I have a healthy recipe here for you today...juicy grilled chicken breasts, topped with tomato, garlic and herbs.
To be honest, I generally find chicken thats not in the form of wings pretty boring, but this recipe did the trick. Nothing is worse than dry chicken, so I used tips from Kalyn on how to make juicy grilled chicken breasts...and it worked perfectly! Lot's of marination (did I make that word up?) went into making this chicken, I used a balsamic marinade for the chicken and marinated the tomato and herbs overnight...all of that marinating led to great flavors. One more great aspect of this dish is once I did the marinating the night before, it was very hands off the next night.

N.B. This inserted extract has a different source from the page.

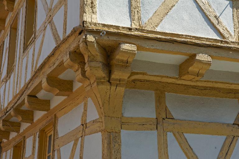 Grande maison en pan de bois avec encorbellement à plan double en profondeur sur poutres construite en alignement de rue sur une parcelle d'angle de la place Henri IV. Logis à pignon sur rue qui montre sur un soubassement de pierre deux étages carrés et un étage de comble avec sous-sol. La charpente de façade est formée de croix de Saint-André qui ne sont pas aux extrémités mais décalées d'une travée, permettant ainsi l'ouverture d'une fenêtre. Les têtes de poutres sont moulurées en quart de rond repris en contre moulure. L'encorbellement d'angle est souligné par 3 consoles, une pour le coyer et deux pour le prolongement des sablières. L'escalier est latéral postérieur dont l'accès est situé en façade nord.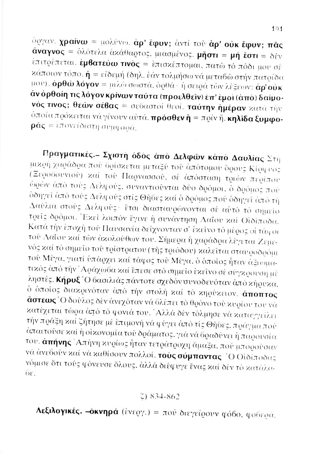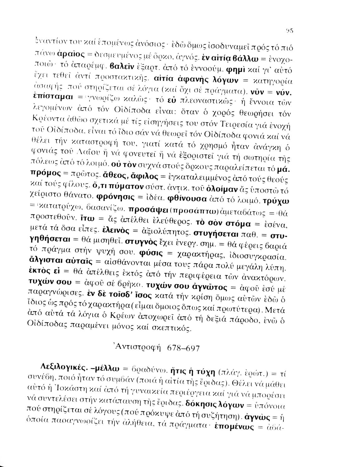 Σχολικό εγχειρίδιο Αρχαίων Ελληνικών για τη Γ΄ Λυκείου με πρωτότυπο κείμενο του Σοφοκλή. Το βιβλίο περιλαμβάνει εισαγωγή και ερμηνευτικές σημειώσεις στη Δημοτική. Σχόλια μαθητή στα περιθώρια.

Next time you're in the mood for a healthy lunch or dinner give this one a go.
For the Chicken
4 boneless chicken breasts
1/2 cup balsamic vinegar
1/3 cup olive oil
2 tablespoons Montreal Steak Seasoning (or something similar)
1/4 cup dijon mustard
1 tablespoon Sriracha
3 garlic cloves, minced
1 teaspoon salt
1 teaspoon ground black pepper
For the Tomato Topping
3 beefsteak tomatoes, diced
15-20 basil leaves, roughly chopped
6 cloves garlic, minced
1 teaspoon dried parsley
1/2 teaspoon dried tarragon
juice form 1/2 lemon
1 tablespoon crushed red pepper flakes
1/2 teaspoon salt
1/2 teaspoon pepper
In a small bowl, whisk together all ingredients in chicken breast marinade (from balsamic vinegar to ground black pepper) and place in large ziploc bag with chicken to marinate in the refrigerator overnight.
In a seperate bowl, combine all ingredients in the tomato topping and marinate in the refrigerator overnight.
The next day, preheat grill to medium high heat. Cook chicken breasts for 8 to 10 minutes or until cooked through (165 F).